Co-Occurrence of Asthma and Nephrolithiasis in Children.

It has been proposed that epithelial dysfunction and inflammation may predispose patients to kidney stone formation. Asthma is another chronic condition related to epithelial dysfunction and inflammation. We hypothesized that pediatric patients with asthma would have an increased prevalence of nephrolithiasis. Furthermore, we investigated if asthma patients with nephrolithiasis have clinical characteristics and urine profiles that point to mechanisms of stone formation. We evaluated 865 pediatric patients who had a diagnosis of nephrolithiasis. Clinical/demographic data and 24 hour urine samples were compared between asthma + stone (n = 142) and stone only patients. Data from asthmatics without stone were also available for evaluation of medication differences among asthma + stone and asthma only patients. The prevalence of nephrolithiasis in the pediatric population at our institution was 0.08% vs. 0.31% in our pediatric asthmatic population. The prevalence of asthma in our pediatric population was 6.8% vs. 26.7% in our pediatric stone patients. Asthma + stone patients were more likely to be on a combination inhaled corticosteroid + long acting beta agonist inhaler as compared to age/gender/BMI matched asthma patients without stone (29.7% vs. 13.7%, p = 0.0012). 259 kidney stone patients had 24 hour urine samples for comparison. There was no difference in 24 hour urine profiles between asthma + stone and stone only patients. Children with asthma have a 4-fold greater prevalence of kidney stones than the general pediatric population. Similarly, children with kidney stones have a 4-fold greater prevalence of asthma.
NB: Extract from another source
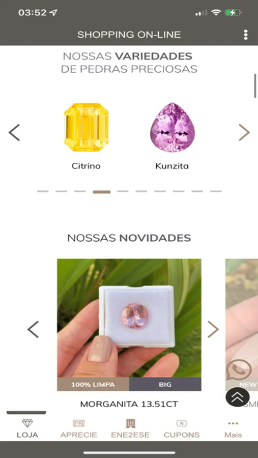 APP E-SHOP on-line de Pedras Preciosas 100% naturais.

This correlation may suggest a mechanistic link between asthma and nephrolithiasis. Further investigation is needed to elucidate the pathophysiologic origin of this relationship.

Introduction

Kidney stones in children are rare; however the incidence seems to be increasing [1]. Children with stones are at an increased risk of developing recurrent stones, and thus metabolic workup for identifying underlying pathophysiological processes are recommended. Risk factors that contribute to stone formation in children include metabolic abnormalities and/or anatomical variations in the urinary tract that may lead to abnormal urine composition, urinary stasis and/or urinary tract infections. A study from Mayo Clinic revealed that 52% of pediatric patients with kidney stones had an underlying metabolic or anatomical etiology for nephrolithiasis [1, 2]. In addition to metabolic and structural abnormalities, associated co-morbid conditions such as obesity have also been linked to pediatric stone formation. One theory is the increased prevalence in obesity may be contributing to the increased prevalence in pediatric nephrolithiasis [2, 3]. It is currently unclear if other childhood co-morbid conditions are associated with pediatric nephrolithiasis.

Asthma is the most common chronic disease of childhood; affecting 8.3% of the pediatric population according to the Center for Disease Control. Asthma is characterized by alterations of epithelial ion channel activation in the lung which is classically induced by inflammatory reaction such as to an allergen [4]. Urinary epithelium ion channel abnormalities related to inflammation are mechanistically linked to kidney stone formation [5]. In the context that stones and asthma are both characterized by inflammatory epithelial disorders, we hypothesized that children with asthma might have a higher prevalence of stones and that stone formation, with underlying epithelial defects, might lead to a propensity of more asthma.

Material and Methods

This study was performed via extraction from our electronic medical records under an International Review Board approved study. The approval was from the Cleveland Clinic International Review Board and the data were analyzed anonymously.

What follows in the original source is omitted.